→ Collected material:
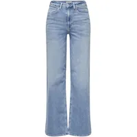 Figurbetonende Damen-High-waist-Jeans von ONLY mit Abriebeffekten im coolen Used-Look. Figurumspielendes Hosenbein sowie hohe Leibhöhe. Abwechslungsreiche Kombinationsmöglichkeiten von gemütlich bis stylisch. Die widerstandsfähige und stabile Jeansqualität macht die Hose beständig., Material: Materialzusammensetzung: Obermaterial: 92% Baumwolle, 6% Elastomultiester, 2% Elasthan, Materialart: Denim/Jeans, Materialeigenschaften: elastisch, Pflegehinweise: Maschinenwäsche, Optik/Stil: Optik: Abriebeffekte, Waschung: Denim, Farbe: Farbbezeichnung: Light Blue, Passform/Schnitt: Leibhöhe: hoch, Beinform: weit, Passform: weit, Details: Gürtelschlaufen: ja, Taschen: Coinpocket, Eingrifftaschen, Gesäßtaschen, Verschluss: 1-Knopf-Form, Reißverschluss, Besondere Merkmale: Abriebeffekte, casual, weit, Denim/Jeans, ...
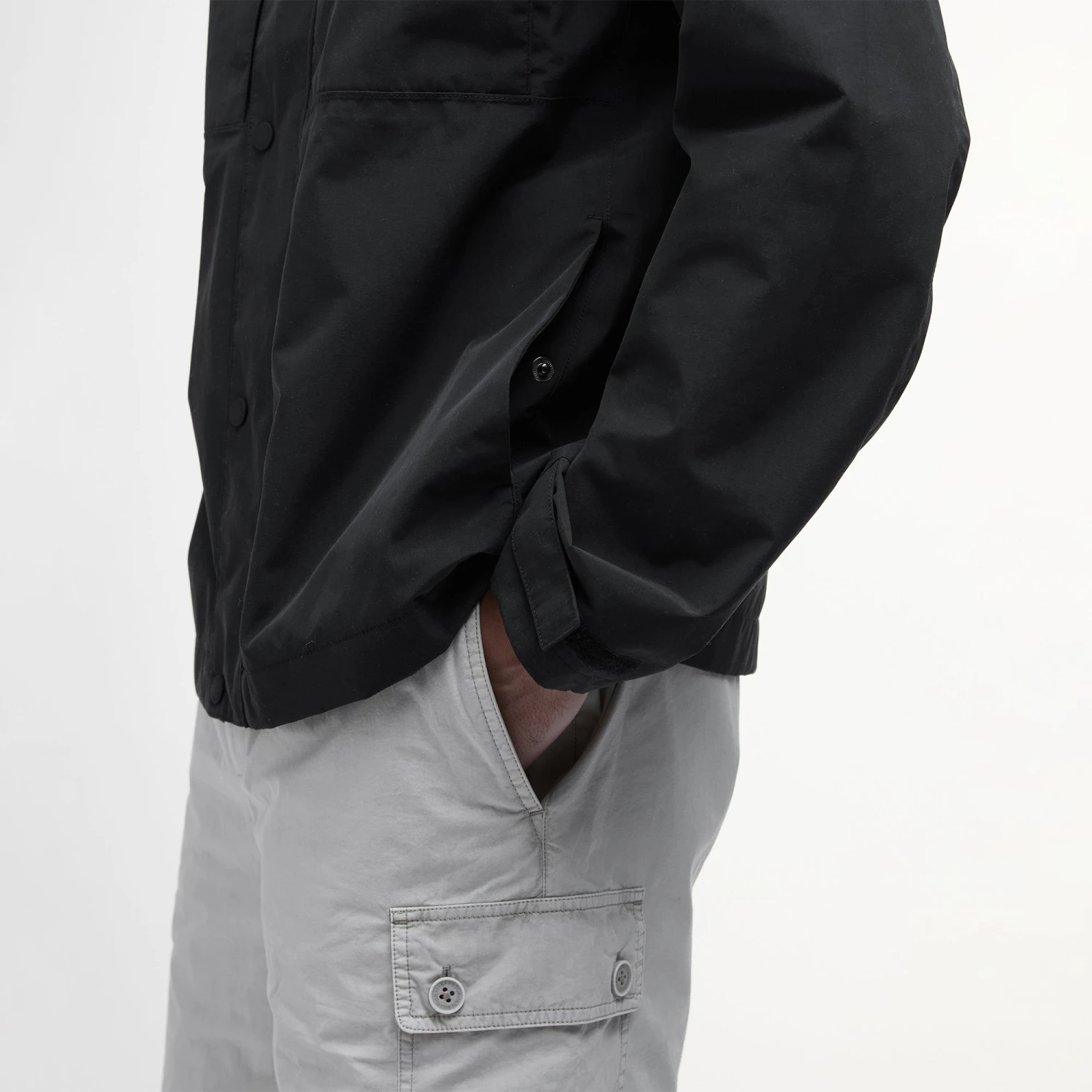flaps. Featuring zip and stud front fastening, two lower inseam pockets and adjusters to hood and cuff.
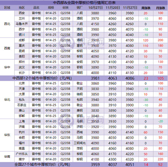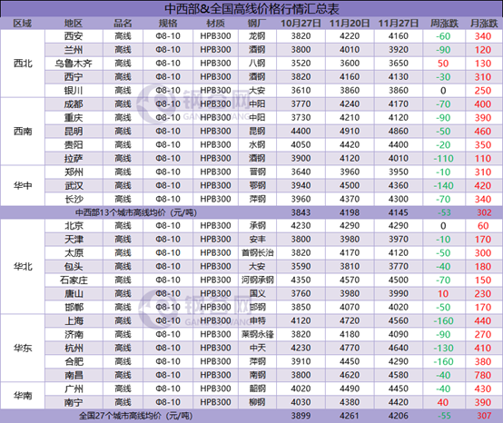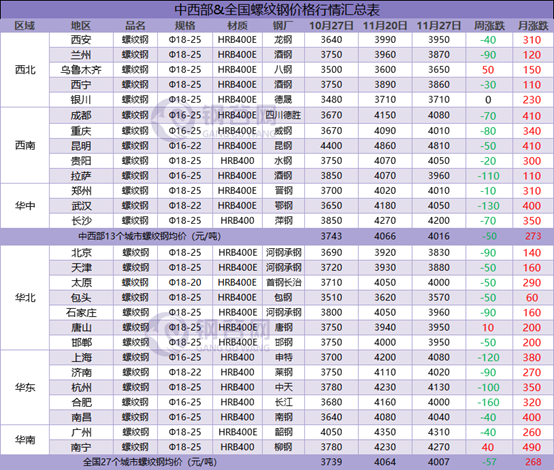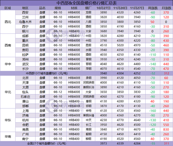 據(jù)鋼谷網(wǎng)數(shù)據(jù)監(jiān)測(cè),本周全國(guó)主要城市鋼材市場(chǎng)價(jià)格盤(pán)整運(yùn)行,調(diào)整空間10-160元/噸,板材強(qiáng)于長(zhǎng)材。截止11月27日,全國(guó)27個(gè)城市螺紋鋼均價(jià)4007元/噸,較上周跌57元/噸;全國(guó)27個(gè)城市高線(xiàn)均價(jià)4206元/噸,較上期跌55元/噸;全國(guó)27個(gè)城市盤(pán)螺均價(jià)4284元/噸,較上期跌55元/噸;全國(guó)27個(gè)城市熱軋板卷均價(jià)4134元/噸,較上周漲20元/噸;全國(guó)27個(gè)城市中厚板均價(jià)4051元/噸,較上期漲14元/噸。
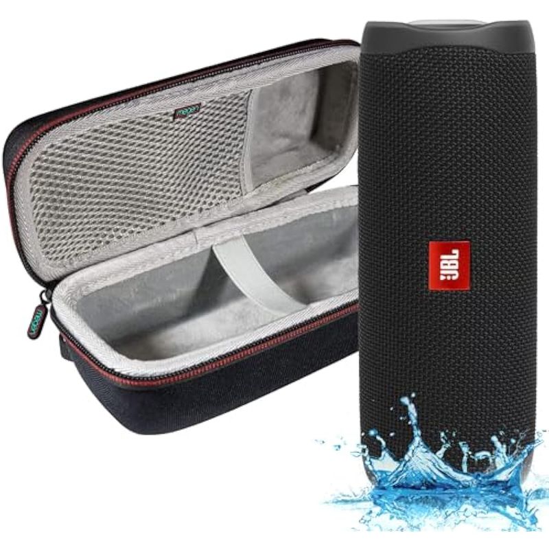JBL FLIP 5, altavoz Bluetooth portátil impermeable, negro, con una funda de protección rígida Megen

→ Problem requirements: Write out exactly the lines running from the one with "flaps. Featuring zip" through the end of the material, both ends included, while leaving the pictures out.

→ Solution to the problem:
flaps. Featuring zip and stud front fastening, two lower inseam pockets and adjusters to hood and cuff.
 據(jù)鋼谷網(wǎng)數(shù)據(jù)監(jiān)測(cè),本周全國(guó)主要城市鋼材市場(chǎng)價(jià)格盤(pán)整運(yùn)行,調(diào)整空間10-160元/噸,板材強(qiáng)于長(zhǎng)材。截止11月27日,全國(guó)27個(gè)城市螺紋鋼均價(jià)4007元/噸,較上周跌57元/噸;全國(guó)27個(gè)城市高線(xiàn)均價(jià)4206元/噸,較上期跌55元/噸;全國(guó)27個(gè)城市盤(pán)螺均價(jià)4284元/噸,較上期跌55元/噸;全國(guó)27個(gè)城市熱軋板卷均價(jià)4134元/噸,較上周漲20元/噸;全國(guó)27個(gè)城市中厚板均價(jià)4051元/噸,較上期漲14元/噸。
JBL FLIP 5, altavoz Bluetooth portátil impermeable, negro, con una funda de protección rígida Megen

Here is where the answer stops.